The new architecture of social media does not even have the chitinous shell of the Vegas strip, it is becoming more like a dream world, changing at the speed of thought. Virality occurs when this dream world tests new content to great success.

Whether due to a change in target demographic, a theme and aesthetic becoming stale, or a desire to sell more efficiently, marketing enterprises have always been innovating. Innovation is generally brought about by testing, the combination of a new idea, data collection, and quantitative analysis of that data, to see how effective the new approach was.

A clear example of this is A/B testing, a method whereby users of an online service are randomly served with different versions of the service, and their interactions with it are collected and compared (Scott W. H. Young, 2014). Social media features a multiplicity of variations, all ready for testing against any number of users. Through a hybrid of A/B testing and user-profiling, viral media is the product of the most successful testing in social media.

This is because virality is the combination of a person or piece of media receiving low levels of attention, and then becoming very popular, is the result of a subtle change in a recommendation algorithm, search feature, or other method used to deliver potentially attention-grabbing content to some viewers, and then to expand and show more and more based on its initial successes.

Human Vectors

Viral content isn’t just successful because recommendation algorithms put innovative media in front of a bunch of people, but because social media accommodates self-directed exploration by bored users, providing search and filtering tools to allow an interested user to search for new media, a technologically augmented practice similar to crate digging that adeptly incorporates user profiling, search ranking, and chance with the user’s own self-knowledge. This is easily demonstrable in the case of YouTube, by making an identical search in two windows, one via an active account attached on which many videos have been watched, and one without an account. The results will differ significantly, and will also shift upon subsequent page loads, the former showing the adjustments made to search based on your user profile, the latter showing either A/B testing or perhaps a more inscrutable system accounting for your presumed disinterest in the first results.

Democracy?

As virality characterizes social media’s divergence from mass media, seeming to substitute embedded personalities and distribution technologies for flexible and inventive multiplicity that varies based on user engagement, it is tempting to think that virality is democratic.

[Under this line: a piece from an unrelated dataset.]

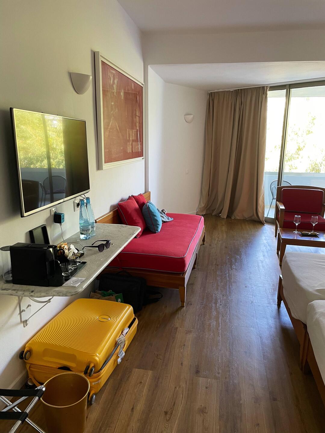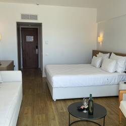 Strand. Hier gibt es ausreichend Strandliegen ,in unterschiedlicher Qualität, mit Sonnenschirmen dabei, auch das ist alles bereits inkludiert. Die Beachbar ist ein weiteres Highlight, neben nettem Personal, gibt es hier leckere Drinks und Snacks und es läuft den ganzen Tag chillige Musik in einer angenehmen Lautstärke. Der Strand selbst hat uns nicht soooo gut gefallen, da er doch eher dunkel und kieselig ist. Noch unangenehmer sind aber die Steine im Meer, ohne Badeschuhe wird der Ein-und Ausstieg wirklich zur (zum Teil schmerzvollen) Herausforderung. Hat man diese allerdings gemeistert, wird man mit Schwimmen im kristallklaren Wasser, bester Qualität, belohnt. Das tolle Wetter und azurblau funkelnde Meer haben unseren ersten Strandtag zusätzlich zu einem schönen ersten Urlaubstag gemacht. Vor dem Abendessen haben wir dann noch zufällig einen hoteleigenen Minimarkt entdeckt, der Souveniers und Waren des täglichen Bedarfs verkauft. Es ist natürlich alles hoffnungslos überteuert aber wer zahlt, notfalls, nicht gerne 5€ für eine Zahnbürste?! Das Abendessen im Buffetrestaurant stand dem Frühstück in nichts nach und zum Abschluss des Tages haben wir dem DJ, in der Beachbar, gelauscht. Hier waren uns aber eindeutig zu viele Familien mit kleinen Kindern, sodass wir, nach relativ kurzer Zeit, beschlossen haben unseren Tag, bei einem Glas Wein, auf unserem Balkon, ausklingen zu lassen. Morgen gibt es dann ein paar Detailinformationen zu unserem Zimmer und ein Update zum 2. Urlaubstag.Læs mere

However, this is not the case. Democracy is defined by the New Oxford American Dictionary as ‘a system of government by the whole population or all the eligible members of a state, typically through elected representatives.’ While content is certainly often ranked and recommended on social media platforms according to its popularity, this is mediated by an opaque set of concerns that vary between between platforms. A public statement from YouTube in 2012 states that their search ‘now optimized [sic] for time watched.’ The Verge reports numerous other instances of changes in their article ‘The golden age of YouTube is over’, noting that changes ‘[tipped] the scales in favor of [certain] organizations or creators — big ones, mostly.’ Other algorithms are even more opaque, a testament to how far they are from directly democratic: Forbes reports ‘Hacking Social Algorithms Is the New Marketing’, demonstrating through the different strategies employed on every platform and the degree to which the techniques are employed in concert with advertising that algorithmic recommendations and user preference are incredibly mediated.

Conclusion

Virality is not evidence of chaos, nor of democracy, but of highly intentional and adaptive advertising techniques hungrily seeking out the attention of the spectators. Viral videos and content are the experiments of social media discovery algorithms and tools at their most successful, representative of the contrast between social media and the previous mass media.